(Records from a data source)
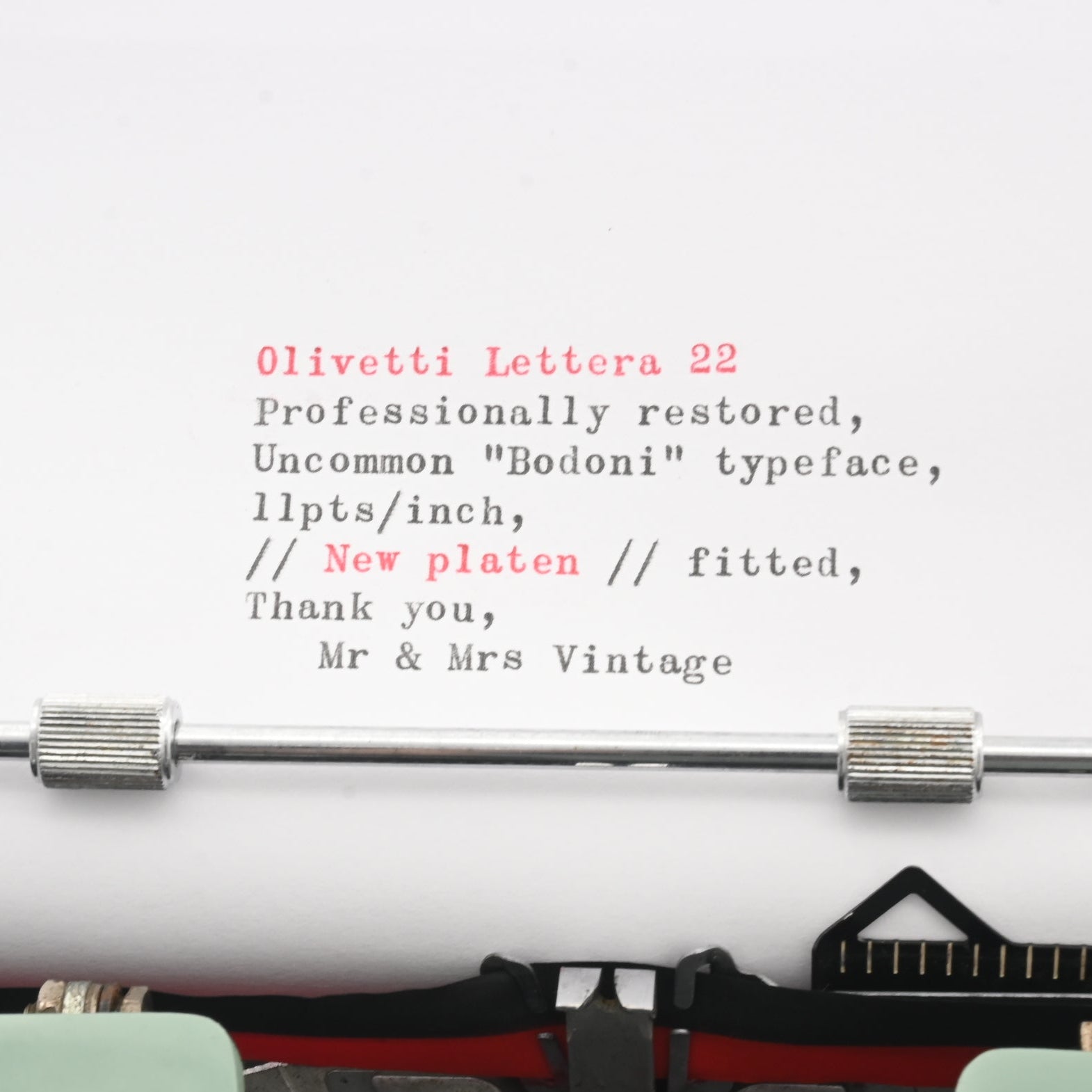 Olivetti Lettera 22 Typewriter - New platen
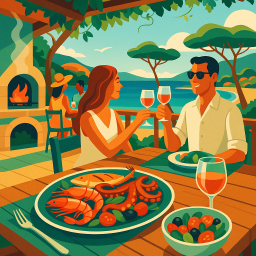 * Jetzt kann Peter das Abendessen mit seinen Freunden im La sauvageonne Ramatuelle genießen!
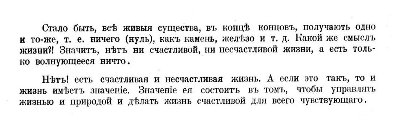 Нетъ! есть счастливая и несчастливая жизнь. А если это такъ, то и жизнь имеетъ значение. Значение ее состоить въ томъ, чтобы управлять жизнью и природой и делать жизнь счастливой для всего чувствующаго.
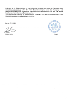 Die ortsübliche Bekanntmachung des Beschlusses erfolgt durch Abdruck im Bekanntmachungsblatt „Der Amtsbote Am Peenestrom“.
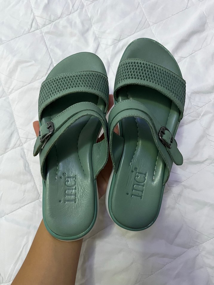İnci marka Yeşil Kadın Dolgu Topuklu Terlik
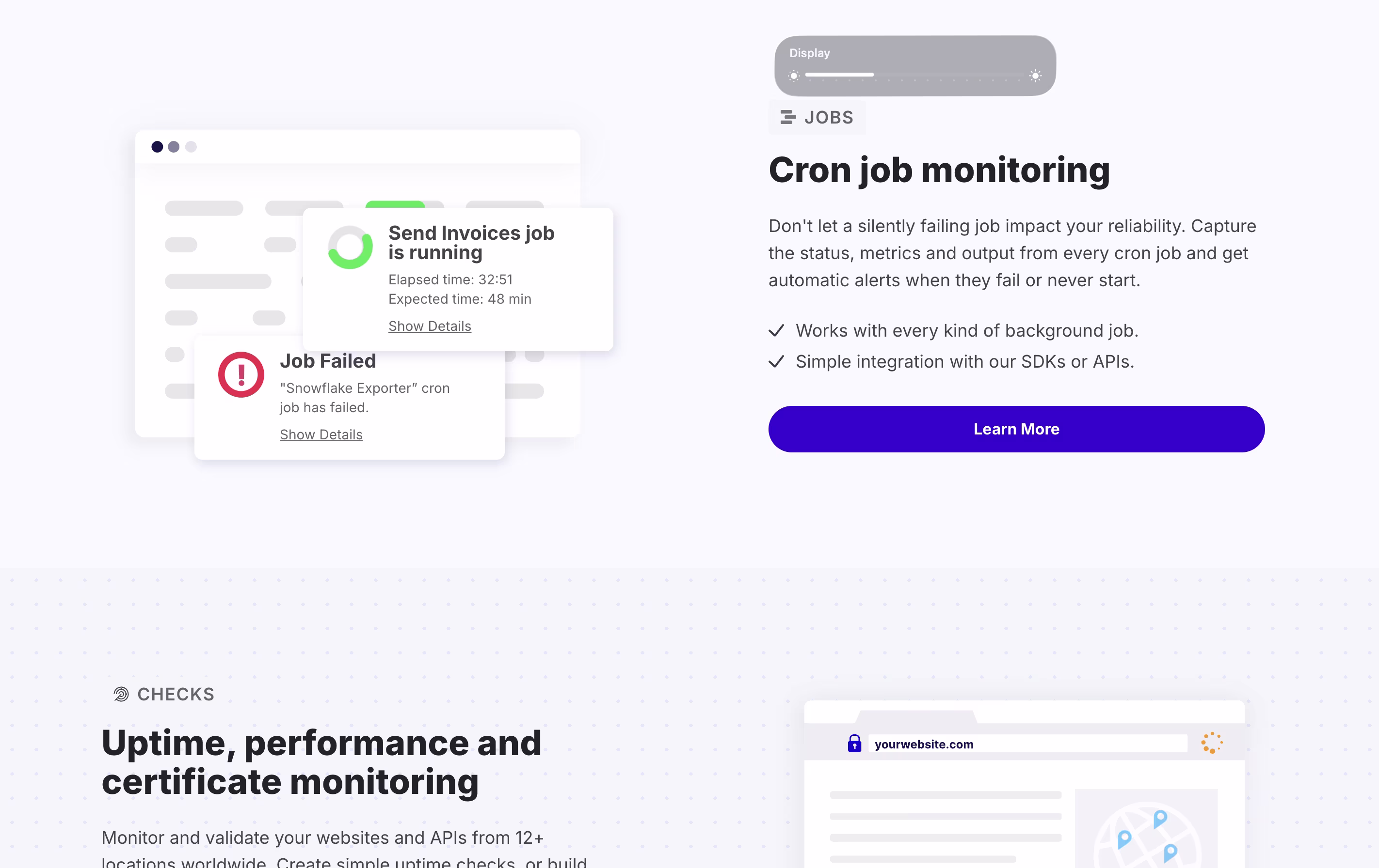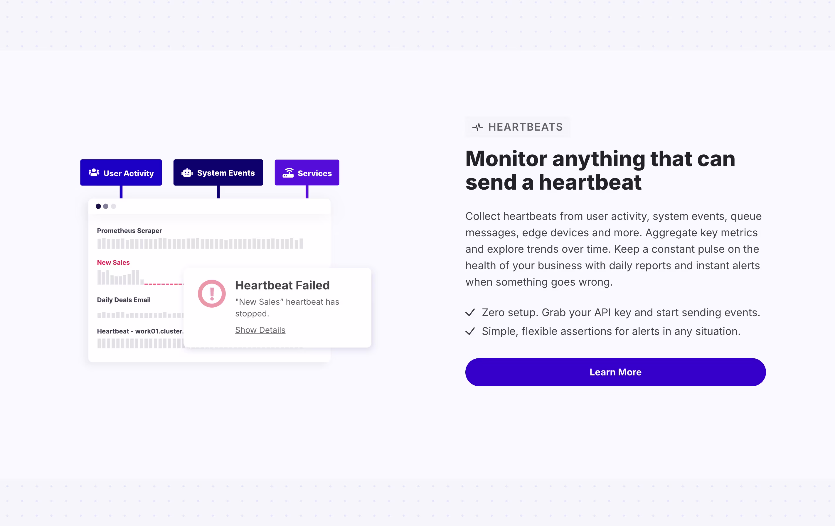 The platform monitors several types of services. It tracks cron jobs and scheduled tasks to ensure they run on time. It watches websites and APIs to check they stay online and respond quickly. It also monitors background processes and heartbeat signals from your systems.
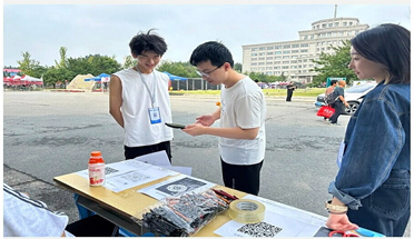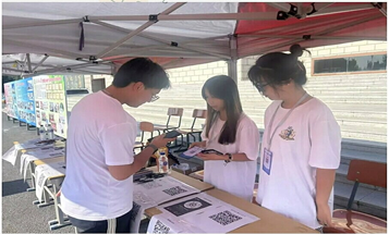 活动现场, 阅读协会的招募点吸引了众多新生的关注。通过简短的交流与互动, 许多新生对阅读协会产生了浓厚的兴趣, 纷纷与在场工作人员及老师进行交流与对话, 此次摆摊宣传活动为协会之后招新注入新鲜血液打下了坚实基础。
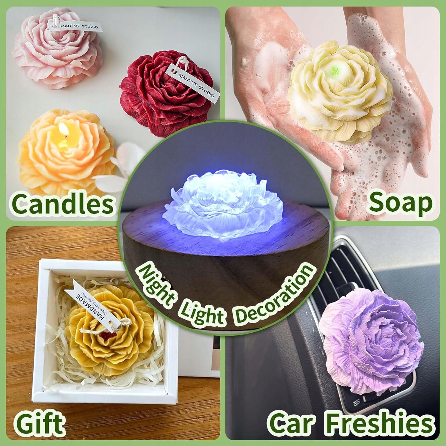 Силиконовая форма для свечного воска, мыла, пиона, цветка, многоразовая 3D форма
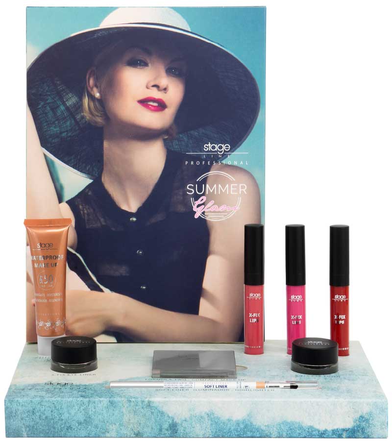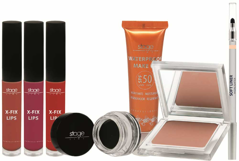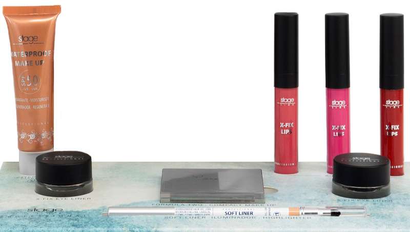La colección de Stage Line cuenta también con Waterproof Make Up SPF50: maquillaje fluido waterproof, regenera la matriz extracelular de la piel, contiene vitamina E, F y filtro solar. Tiene tres tonos distintos. Formula Two: polvos compactos ultrafinos y sedosos. Matizan la piel con naturalidad y dan color. Disponible en diferentes tonos.
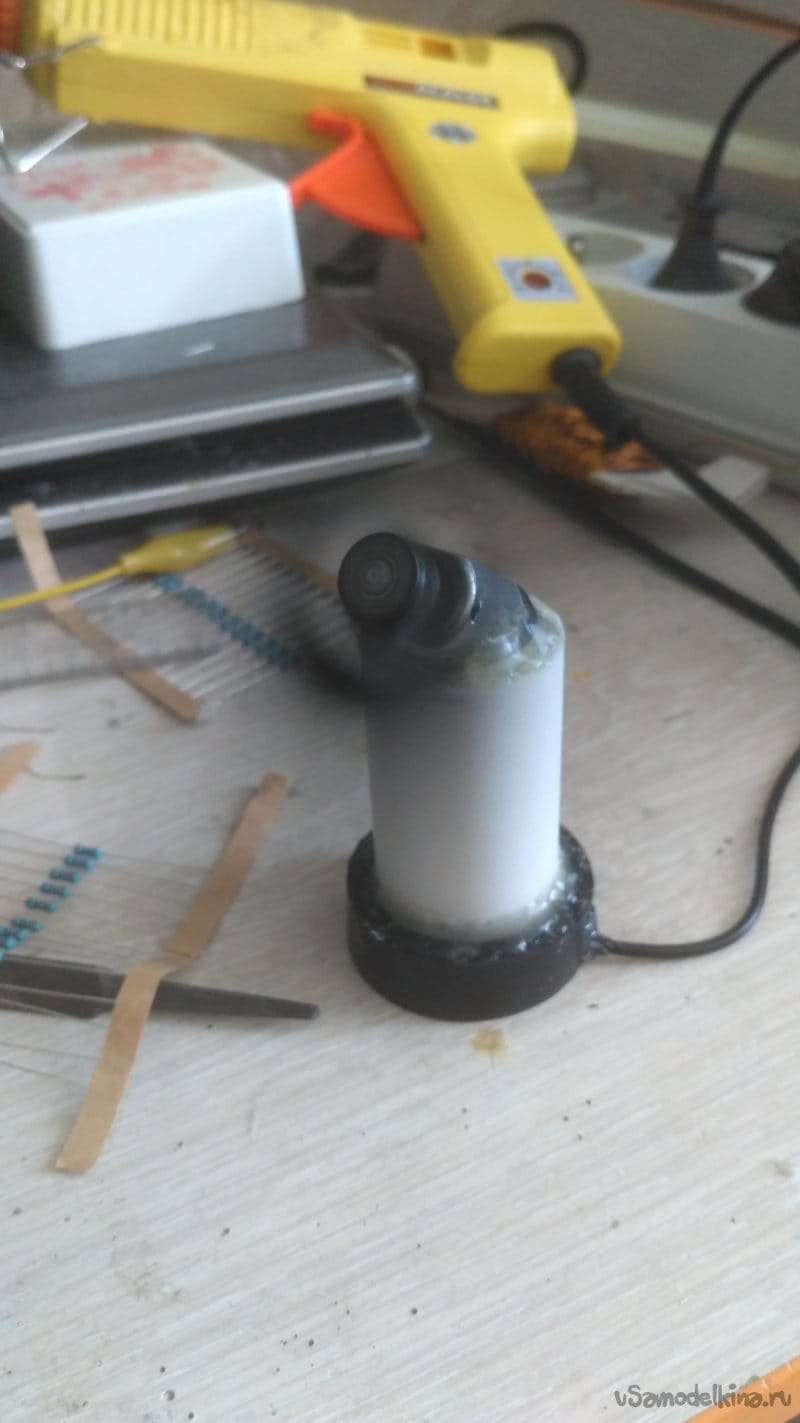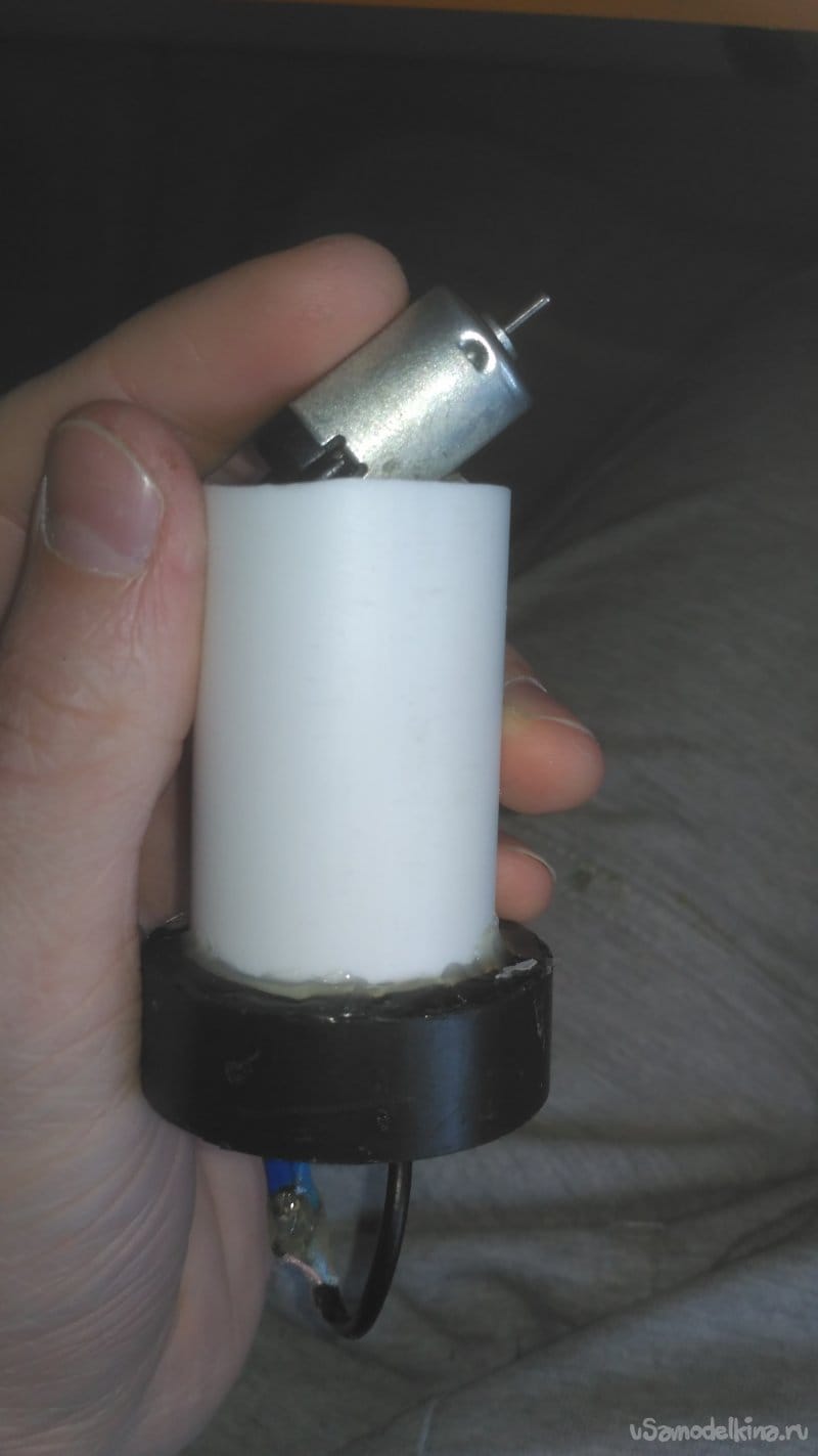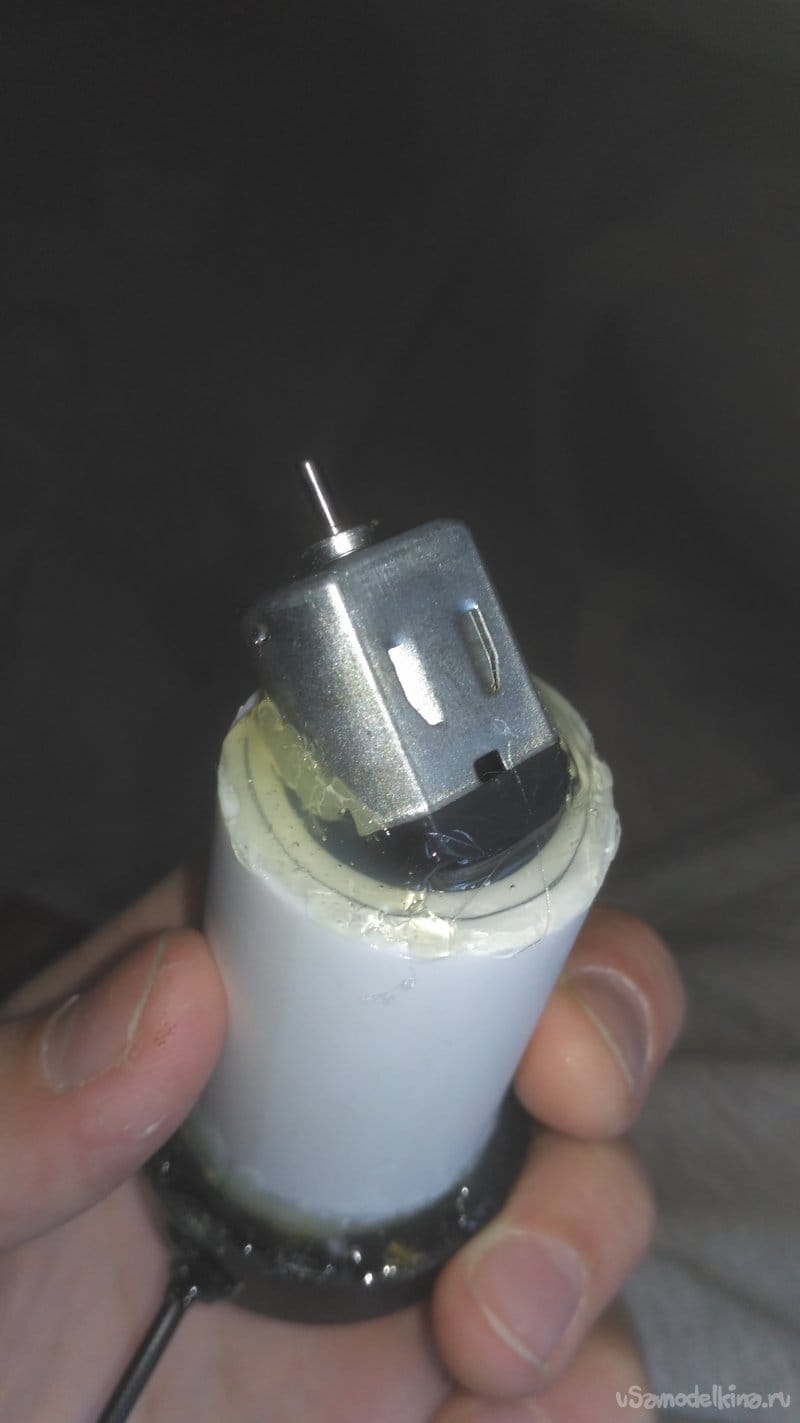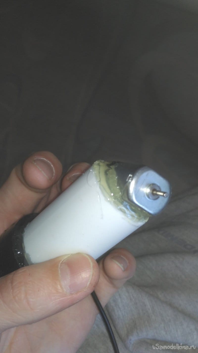 Закрепляем его в таком положении термоклеем, и тут его понадобится много. Потребуется плотно «влить» моторчик в трубу. Но приклеивать нужно аккуратно, чтобы не случайно не залить клей внутрь мотора или не заблокировать вал.

▸ **ABOUT THIS EXERCISE**: Every entry above is to be set down exactly; the pictures are to be left out.

▸ **ANSWER TO THE PROBLEM**:
 Olivetti Lettera 22 Typewriter - New platen
 * Jetzt kann Peter das Abendessen mit seinen Freunden im La sauvageonne Ramatuelle genießen!
 Нетъ! есть счастливая и несчастливая жизнь. А если это такъ, то и жизнь имеетъ значение. Значение ее состоить въ томъ, чтобы управлять жизнью и природой и делать жизнь счастливой для всего чувствующаго.
 Die ortsübliche Bekanntmachung des Beschlusses erfolgt durch Abdruck im Bekanntmachungsblatt „Der Amtsbote Am Peenestrom“.
İnci marka Yeşil Kadın Dolgu Topuklu Terlik
 The platform monitors several types of services. It tracks cron jobs and scheduled tasks to ensure they run on time. It watches websites and APIs to check they stay online and respond quickly. It also monitors background processes and heartbeat signals from your systems.
 活动现场, 阅读协会的招募点吸引了众多新生的关注。通过简短的交流与互动, 许多新生对阅读协会产生了浓厚的兴趣, 纷纷与在场工作人员及老师进行交流与对话, 此次摆摊宣传活动为协会之后招新注入新鲜血液打下了坚实基础。
 Силиконовая форма для свечного воска, мыла, пиона, цветка, многоразовая 3D форма
La colección de Stage Line cuenta también con Waterproof Make Up SPF50: maquillaje fluido waterproof, regenera la matriz extracelular de la piel, contiene vitamina E, F y filtro solar. Tiene tres tonos distintos. Formula Two: polvos compactos ultrafinos y sedosos. Matizan la piel con naturalidad y dan color. Disponible en diferentes tonos.
 Закрепляем его в таком положении термоклеем, и тут его понадобится много. Потребуется плотно «влить» моторчик в трубу. Но приклеивать нужно аккуратно, чтобы не случайно не залить клей внутрь мотора или не заблокировать вал.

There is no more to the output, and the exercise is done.